DISCOVERY OF A TIGHT CORRELATION FOR GAMMA-RAY BURST AFTERGLOWS WITH "CANONICAL" LIGHT CURVES

, , , , and

Published 2010 October 4 © 2010. The American Astronomical Society. All rights reserved.
, , Citation Maria Giovanna Dainotti et al 2010 ApJL 722 L215 DOI 10.1088/2041-8205/722/2/L215

2041-8205/722/2/L215

ABSTRACT

Gamma-ray bursts (GRBs) observed up to redshifts z>8 are fascinating objects to study due to their still unexplained relativistic outburst mechanisms and their possible use to test cosmological models. Our analysis of 77 GRB afterglows with known redshifts revealed a physical subsample of long GRBs with the canonical plateau breaking to power-law light curves with a significant luminosity L*X–break time T*a correlation in the GRB rest frame. This subsample forms approximately the upper envelope of the studied distribution. We have also found a similar relation for a small sample of GRB afterglows that belong to the intermediate class between the short and the long ones. It proves that within the full sample of afterglows there exist physical subclasses revealed here by tight correlations of their afterglow properties.
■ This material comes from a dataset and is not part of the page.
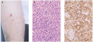 Fig. 7.—A) Lesiones nodulotumorales agrupadas correspondientes a un linfoma cutáneo de células grandes CD30+. B) Infiltrado denso, cohesivo, de células grandes atípicas. (Hematoxilina-eosina, ×200.) C) Marcada expresión del antígeno CD30 en las células neoplásicas.
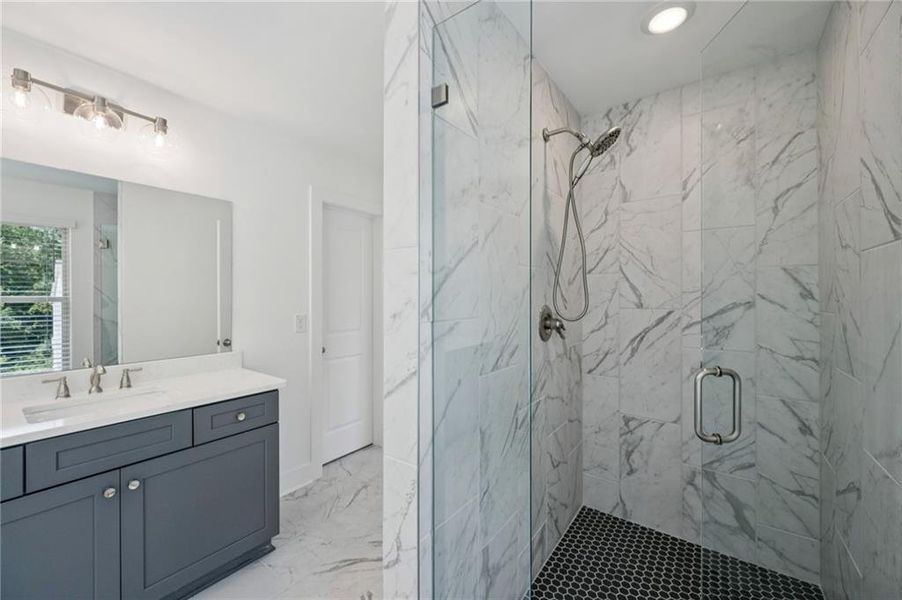 QUICK MOVE-IN! Welcome to the Ruby Floorplan, a beautifully designed 5-bedroom, 4.5-bath home that blends style, comfort, and functionality. With its open layout, dedicated dining area, and gourmet kitchen featuring a large island, this home is an entertainer’s dream. A main-level bedroom with a full bath provides flexibility for guests or multi-generational living. Upstairs, the expansive primary suite offers a spa-like retreat with a soaking tub, separate shower, and dual vanities. Spacious secondary bedrooms, a large laundry room, and a versatile flex space make daily living even more convenient. For homes built on a slab, a finished bonus room adds extra versatility—perfect for a home office, playroom, or additional bedroom. The Ruby Floorplan also features a spacious 2-car garage and access to all that Stonegate Manor has to offer—a premier new construction community where luxury meets convenience. Located just 10 minutes from Hartsfield-Jackson Airport, with easy access to I-285 and I-75/85, the neighborhood is also close to top-rated schools such as Woodward Academy, KIPP, and Resurgens Hall Charter School. Don’t miss your chance to call this sought-after community home. Schedule your private tour today or stop by during our on-site office hours: Thursday–Friday (11–5), Saturday (11–3), and Sunday (12–4). Additional appointments are available throughout the week.

The afterglows with regular ("canonical") light curves obey not only the mentioned tight physical scaling, but—for a given T*a—the more regular progenitor explosions lead to preferentially brighter afterglows.

Export citation and abstract BibTeX RIS

1. INTRODUCTION

The detection of gamma-ray bursts (GRBs) up to high redshifts (z = 8.2; Salvaterra et al. 2009; Tanvir et al. 2009), larger than Type I supernovae Ia (SNeIa; zmax = 1.77; Riess et al. 2007), makes these objects appealing for possible use in cosmology. The problem is that GRBs seem not to be standard candles, with their energetics spanning over seven orders of magnitude. Anyway, several GRB luminosity indicators (Amati et al. 2008; Fenimore & Ramirez-Ruiz 2000; Norris et al. 2000; Ghirlanda et al. 2004; Liang & Zhang 2005, 2006; Ghirlanda et al. 2006; Nousek et al. 2006) and their use to constrain cosmological parameters (Firmani et al. 2006; Liang & Zhang 2005; Liang et al. 2009; Qi et al. 2009; Izzo et al. 2009) have been proposed. Furthermore, Cardone et al. (2009) have derived an updated GRB Hubble diagram using the log L*X − log T*a ("LT")6 correlation with five other two-dimensional GRB correlations used by Schaefer (2007). However, the problem of large data scatters in the considered luminosity relations (Butler et al. 2009; Yu et al. 2009) and a possible impact of detector thresholds on cosmological standard candles (Shahmoradi & Nemiroff 2009) have been discussed controversially (Cabrera et al. 2009). Among these attempts, Dainotti et al. (2008) have proposed a way to standardize GRBs as distance indicator with the discovery of the LT anti-correlation, confirmed by Ghisellini et al. (2009) and Yamazaki (2009). The fitted power-law relation is log L*X = log a + b · log T*a, the constants a and b are determined using the D'Agostini (2005) method.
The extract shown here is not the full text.